[[ Information shown, beginning ]]

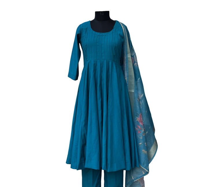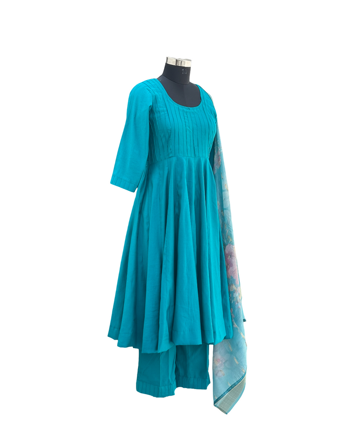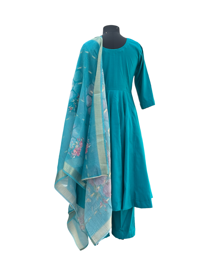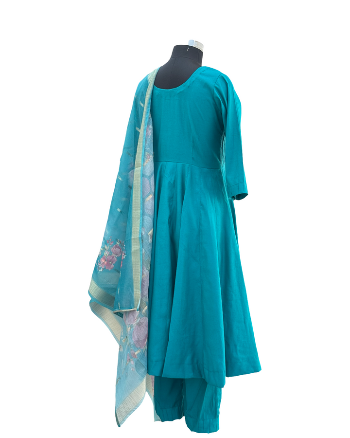 Elegant Teal Vichitra Silk Anarkali Suit Set with Floral Organza Dupatta
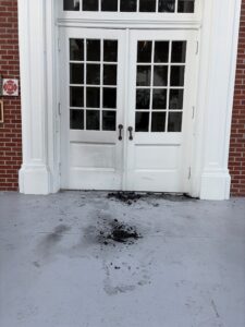 A pile of ash and smoke and heat damage can be seen at the church doors after the banner was set on fire. (Photos courtesy of First Congregational Church of Winter Park)
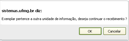 Atenção: Neste campo o sistema faz o recebimento do exemplar mesmo ele sendo de outra biblioteca. Apenas exibe mensagem de alerta:
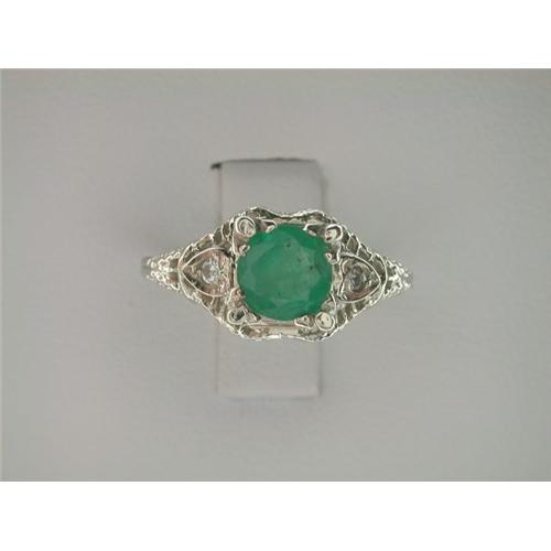 This Antique Style ring is an Authentic and Accurate copy of a ring CIRCA 1925 and THIS one is in MINT condition! It is a 14k White Gold FILIGREE Ring featuring a Round GENUINE EMERALD = ONE CARAT! The EMERALD is surrounded by exquisite Filigree work. This ring is a Size 5 1/4 and it can be resized either larger or smaller.
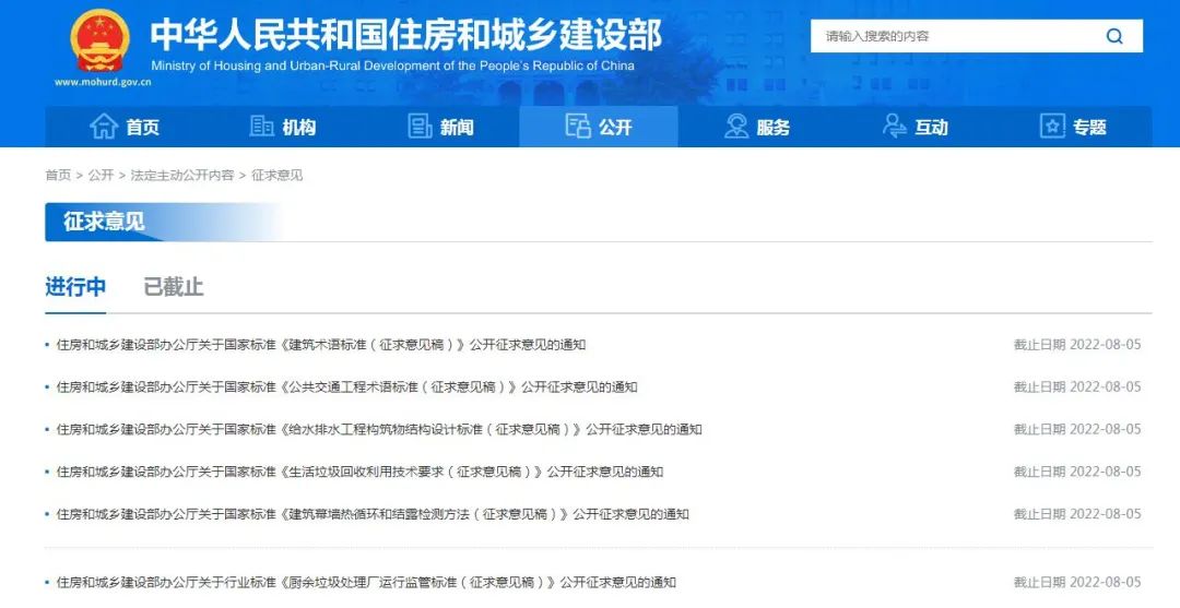 近日,住房和城鄉(xiāng)建設(shè)部辦公廳就國家標(biāo)準(zhǔn)《建筑術(shù)語標(biāo)準(zhǔn)》《公共交通工程術(shù)語標(biāo)準(zhǔn)》《給水排水工程構(gòu)筑物結(jié)構(gòu)設(shè)計(jì)標(biāo)準(zhǔn)》《生活垃圾回收利用技術(shù)要求》《建筑幕墻熱循環(huán)和結(jié)露檢測方法》《廚余垃圾處理廠運(yùn)行監(jiān)管標(biāo)準(zhǔn)》公開征求意見,意見反饋截止時(shí)間為2022年8月5日。點(diǎn)擊下方藍(lán)色標(biāo)題了解標(biāo)準(zhǔn)詳情?!督ㄖg(shù)語標(biāo)準(zhǔn)》...
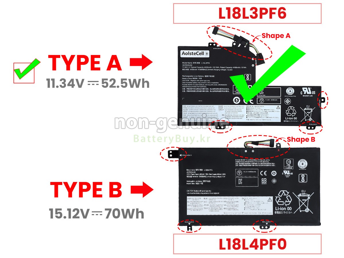2 고객님의 원 Lenovo 81SW003MAK 배터리의 전압과 용량이 당사 제품과의 일치여부를 확인 후 당사의 확대 이미지에서 인터페이스, 대체적인 모양의 일치 여부를 확인하십시오.
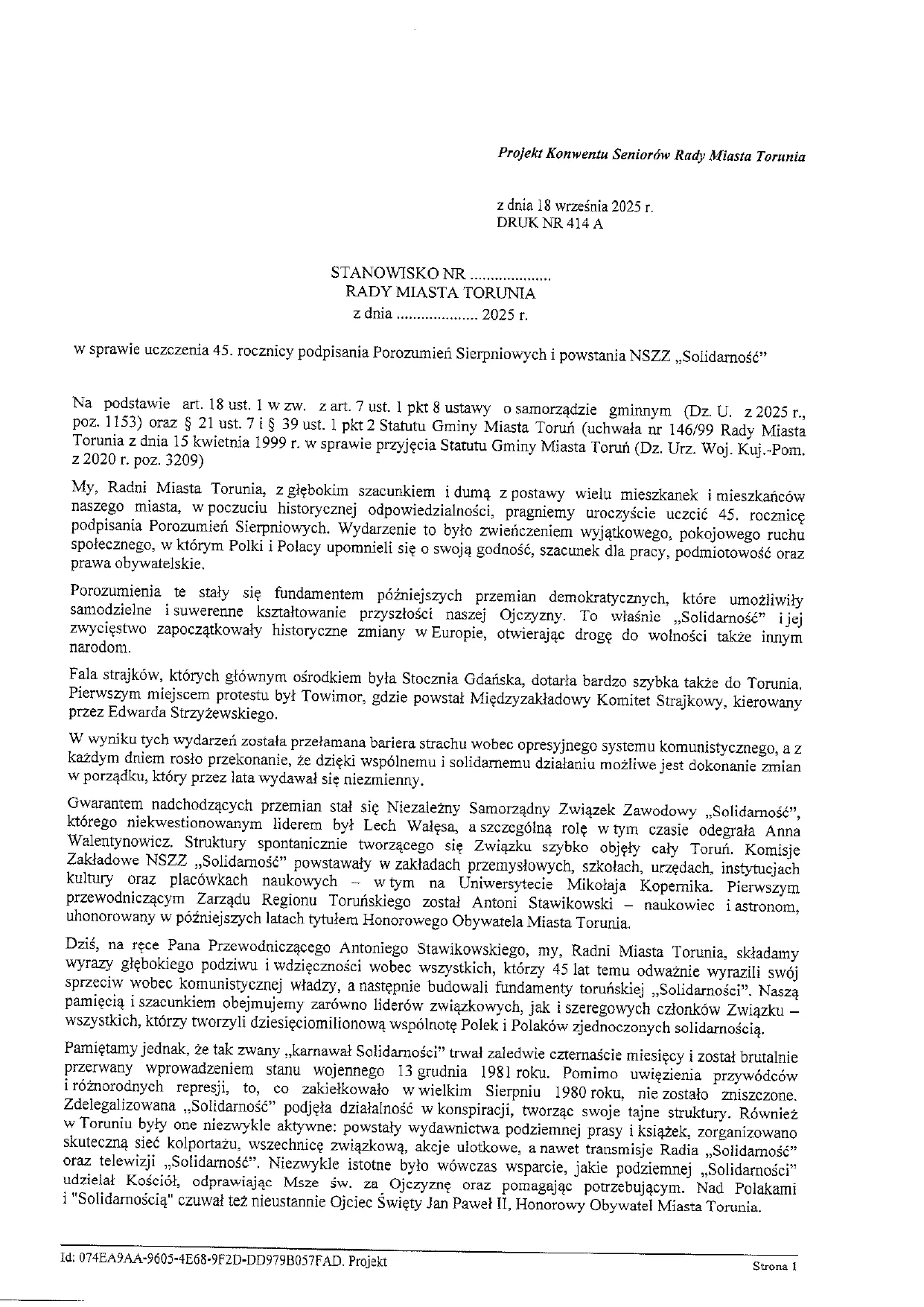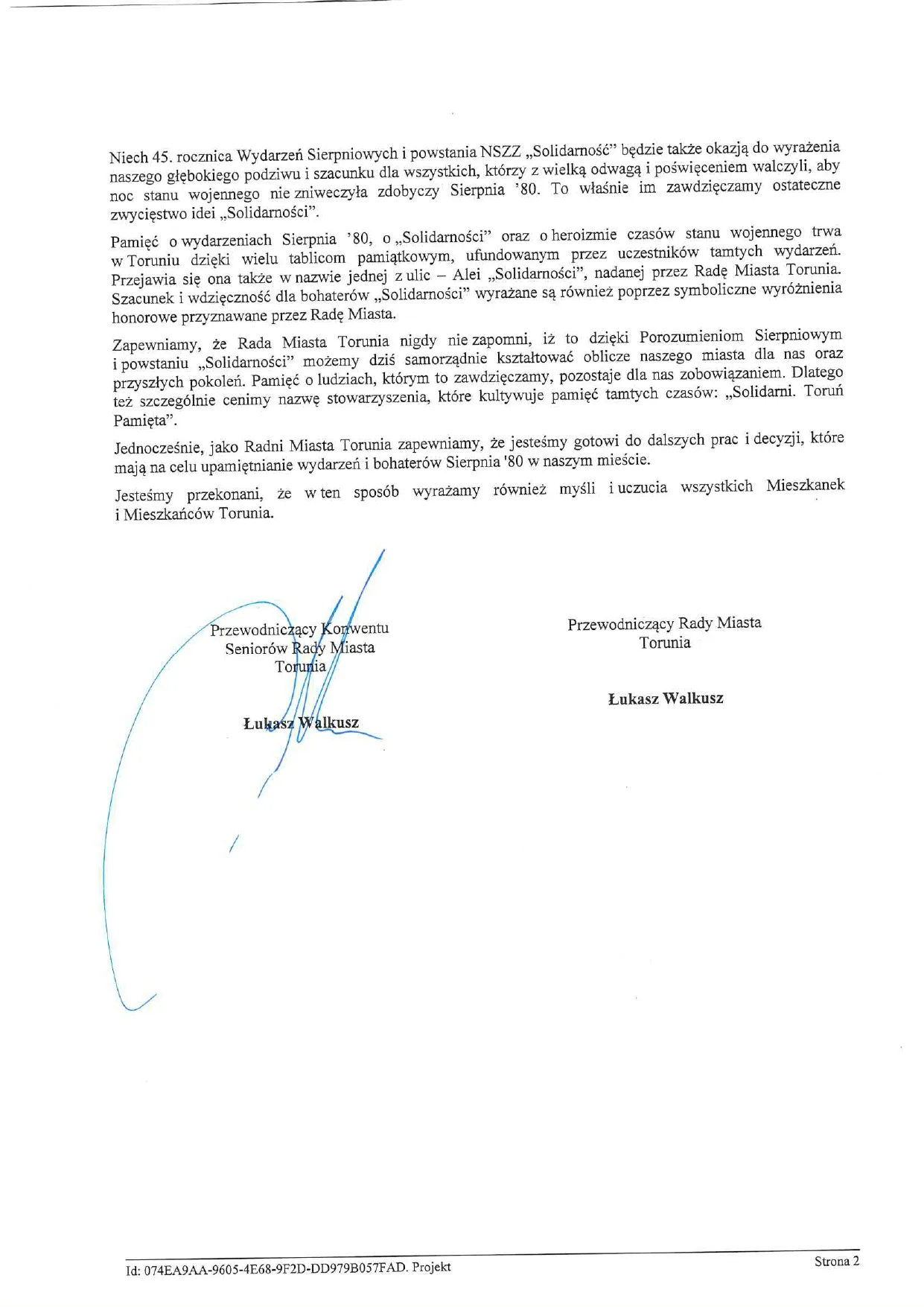 W przyjętym dziś stanowisku czytamy: - My, Radni Miasta Torunia, z głębokim szacunkiem i dumą z postawy wielu mieszkanek i mieszkańców naszego miasta, w poczuciu historycznej odpowiedzialności, pragniemy uroczyście uczcić 45. Rocznicę podpisania Porozumień Sierpniowych. Wydarzenie to było zwieńczeniem wyjątkowego, pokojowego ruchu społecznego, w którym Polki i Polacy upomnieli się o swoją godność, szacunek dla pracy, podmiotowość oraz prawa obywatelskie. Porozumienia te stały się fundamentem późniejszych przemian demokratycznych, które umożliwiły samodzielne i suwerenne kształtowanie przyszłości naszej Ojczyzny. To właśnie „Solidarność” i jej zwycięstwo zapoczątkowały historyczne zmiany w Europie, otwierając drogę do wolności także innym narodom. (…) Zapewniamy, że Rada Miasta Torunia nigdy nie zapomni, iż to dzięki Porozumieniom Sierpniowym i powstaniu „Solidarności” możemy dziś samorządnie kształtować oblicze naszego miasta dla nas oraz przyszłych pokoleń. Pamięć o ludziach, którym to zawdzięczamy, pozostaje dla nas zobowiązaniem. Dlatego też szczególnie cenimy nazwę stowarzyszenia, które kultywuje pamięć tamtych czasów: „Solidarni. Toruń Pamięta”. Jednocześnie, jako Radni Miasta Torunia zapewniamy, że jesteśmy gotowi do dalszych prac i decyzji, które mają na celu upamiętnianie wydarzeń i bohaterów Sierpnia '80 w naszym mieście.

[[ Information shown, end ]]

- **Task**
Reproduce the data above exactly, but only the lines from the one showing "This Antique Style" through the one showing "2 고객님의 원 Lenovo", with both ends kept and the pictures left out.

- **Result**
 This Antique Style ring is an Authentic and Accurate copy of a ring CIRCA 1925 and THIS one is in MINT condition! It is a 14k White Gold FILIGREE Ring featuring a Round GENUINE EMERALD = ONE CARAT! The EMERALD is surrounded by exquisite Filigree work. This ring is a Size 5 1/4 and it can be resized either larger or smaller.
 近日,住房和城鄉(xiāng)建設(shè)部辦公廳就國家標(biāo)準(zhǔn)《建筑術(shù)語標(biāo)準(zhǔn)》《公共交通工程術(shù)語標(biāo)準(zhǔn)》《給水排水工程構(gòu)筑物結(jié)構(gòu)設(shè)計(jì)標(biāo)準(zhǔn)》《生活垃圾回收利用技術(shù)要求》《建筑幕墻熱循環(huán)和結(jié)露檢測方法》《廚余垃圾處理廠運(yùn)行監(jiān)管標(biāo)準(zhǔn)》公開征求意見,意見反饋截止時(shí)間為2022年8月5日。點(diǎn)擊下方藍(lán)色標(biāo)題了解標(biāo)準(zhǔn)詳情?!督ㄖg(shù)語標(biāo)準(zhǔn)》...
2 고객님의 원 Lenovo 81SW003MAK 배터리의 전압과 용량이 당사 제품과의 일치여부를 확인 후 당사의 확대 이미지에서 인터페이스, 대체적인 모양의 일치 여부를 확인하십시오.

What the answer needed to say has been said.